For insights that can alter my perception of reality, I would need to learn about the aliens’ philosophical progress (if any).
They already understand the second order questions though. Why would they ask the humans?
They know what's outside their enclosures, they know they're there because the humans want them there, they know strange humans like to see and interact with them through the glass. They just don't care, so long as they have their tribe around with things to do and they get tasty food
Animals understand existence better than humans do. They understand life and death better than we to. Our higher intelligence makes second order questions complicated because we put ourselves through mental gymnastics
We should be asking apes about the meaning of life, not the other way around
Second-order questions aren’t just the prosaic things any intelligent creature would ask, such as “why am I here?” or “what do you want from me?”
but also the more esoteric, “what sort of creature are you?” And “what sort of creature am I?”
Animals (and, indeed, most humans) don’t ask (or don’t really understand) second-order questions very well because that requires abstraction, which is the sort of reasoning that takes enormous amounts of education and curiosity.
I agree, but that is the kind of question they do think about. Koko was "a wonderful gorilla person" in her own words
There's a dog that uses one of those word button mats that thinks small dogs are cats, dogs are dogs, and that she's a human (or that her owner is also a dog, she's convinced she's the same as her owner and always gets confused when it's explained otherwise)

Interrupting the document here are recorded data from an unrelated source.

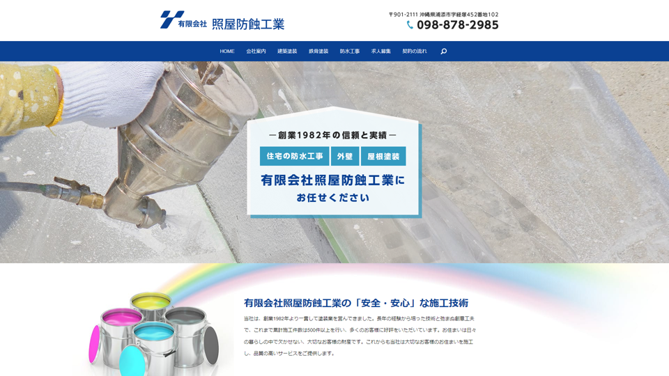 有限会社照屋防蝕工業は1982年に沖縄県で創業し、一般家庭や施設プラントの塗装工事を中心に、500件以上の施工実績を誇る防水・外壁屋根塗装会社です。
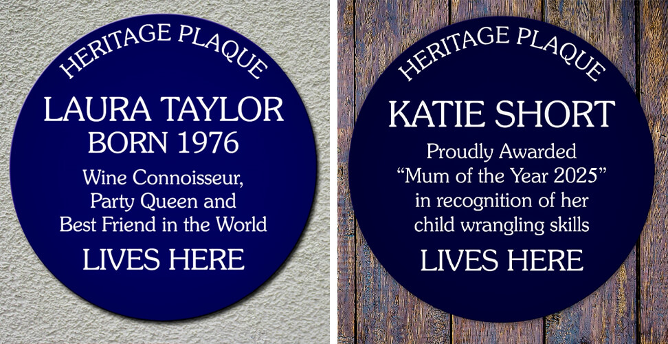Some people write heartfelt gift messages. Others give you a personalised spoof heritage plaque declaring that your best mate once lived here, talked nonsense, and survived six roast dinners in a row. One is sentimental. The other is unforgettable.
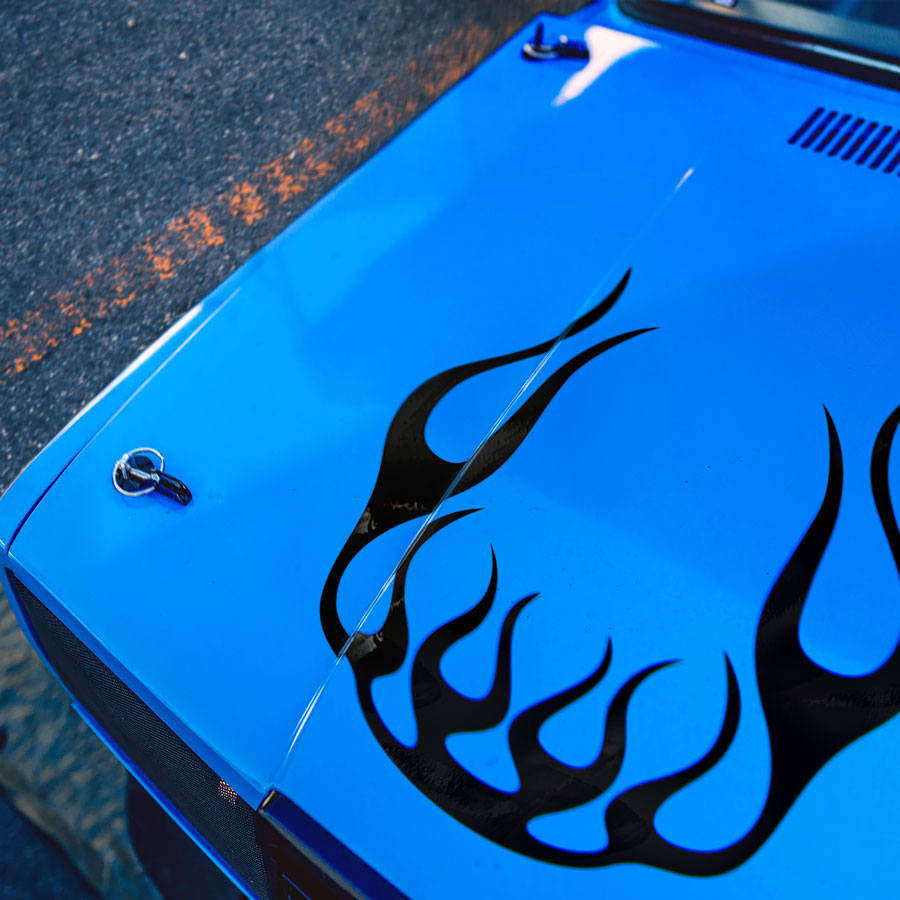 Hood Flame v1 Pinstripe Fire Tribal Hot Rod Vintage Street Drag Night Run Racing Speed Drift Circuit Outlaw Tuning Track Warrior Muscle Car Vinyl Sticker Decal
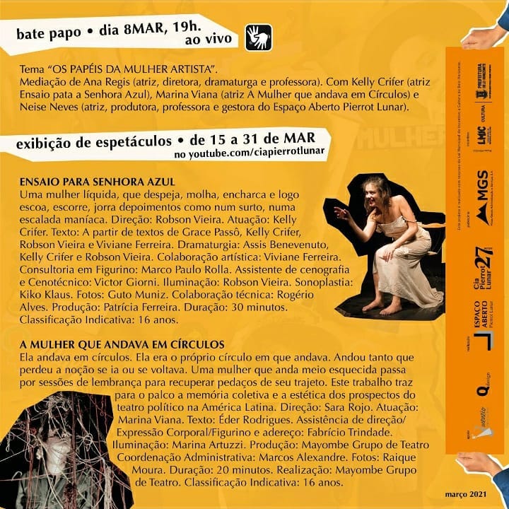 O Espaço Aberto Pierrot Lunar segue em sua programação ao retomar o evento “Mulheres em Cena” que, em seu formato presencial, convidava espetáculos teatrais que tinham a mulher artista em uma ou mais funções dedicadas à cena, com temas relevantes ao universo feminino.
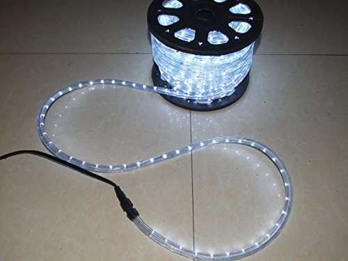These versatile LED light ropes are perfect for decorating for any special occasion or sprucing up the house and business. The LED bulbs are encased in highly flexible PVC tubing that can contour any angle and be molded into any shape. The LED rope can be cut in 3 feet increments for the perfect size needed. Colors can be swapped and changed to different colors with the included power connectors. These LED rope lights are great for decorating stairways, railings, ceilings, desks, windows, boats, clubs, parties, galleries and special holidays. Extremely flexible clear PVC tubing for better transparency and durability PVC tubing can be shaped, formed or bent in any angle to perfectly fit the space being decorated Can be cut at 3 foot increments which are conveniently marked on the PVC tubing Low energy LED lights conserve energy and has a longer life span Included connectors allow you to extend or add different colored LED ropes in a continuous series Perfect for designing intricate and elaborate holiday light displays Great for lighting up a patio or outdoor family area for subtle ambient lighting Weatherproof against damaging UV rays and varying temperature conditions UL Listed and CE Certified Spec Total Length: 100 Foot LED Bulbs: 1080 Power Cord Length: 5Ft PVC Tube Diameter: 1/2" LED Bulb Diameter: 13mm LED Bulb Spacing: 1" Bulb Orientation: Vertical Beam Angle: 45° Rated Lifespan: 50000 hours Working Temperature: -20~50°C Voltage: 110V Power Consumption: 54W-65W Package Contents: 1 x 100 Foot Flexible LED Light Rope 4 x Power Cords 6 x Power Connectors 6 x End Caps

They don't ask, because they already know what they think. They aren't confused about where they stand in the world, it's learning human categorization that confuses them
I don't want to conflate the pragmatic use of tools or manipulation of the environment with questions about the meaning of life. Even most humans can’t do the latter. We have a lot of depressing research showing that most people can barely engage in abstract reasoning at all, let alone effectively.
I think nearly every sentient creature can be depressed and understand how badly life is going. But that’s different.
I don't think that's different, I think that's very related to the topic at hand
And yeah, that's all true. All living things can suffer, down to single cells
The real question here is where is the line between us and other animals. And I think you're almost there - you're on the verge of recognizing there is none, or maybe of internalizing that realization
Most animals don't often think about the meaning of life, just like most humans. They don't think to ask us either, because we're honestly a pretty foolish species. We're powerful and intelligent, but not wise
An orca, elephant, or corvid is probably the wisest being on earth right now. Possibly even a whole forest
Elephants are wise in that they’re concerned with (some of) the things that matter most — social bonds and creature comforts. But, as far as we know, they can’t abstract away from those concerns, or scrutinize them analytically, or reflect on the nature of wisdom or the metanormative conditions of their own experience.
We can do that — due to some freak accident of evolution that probably has to do with the recursivity of language and the self-referential nature of subjective experience. And again, when I say “we,” I mean some humans sometimes. Many “wise” humans are just like the elephants.
What are you even saying? What evidence do you have?
That sounds like a bunch of unfounded nonsense to me.
Elephants seem to clearly understand life and death, cause and effect, who fucked them over and where they ran off to
I'd bet the average elephant has a better grasp on the meaning of life than the average human
So to be clear, you think elephants contemplate the meaning of life? Okay, and what about the Metaphysics of Modal Logic? Do you think an elephant mind can grasp the bizarre fact that formal systems can’t prove their own consistency or even the concept of prime numbers?
How many elephants are out there right now, wondering about the nature of right and wrong?
Zero
Zero elephants are doing any of that, because these are abstract concepts.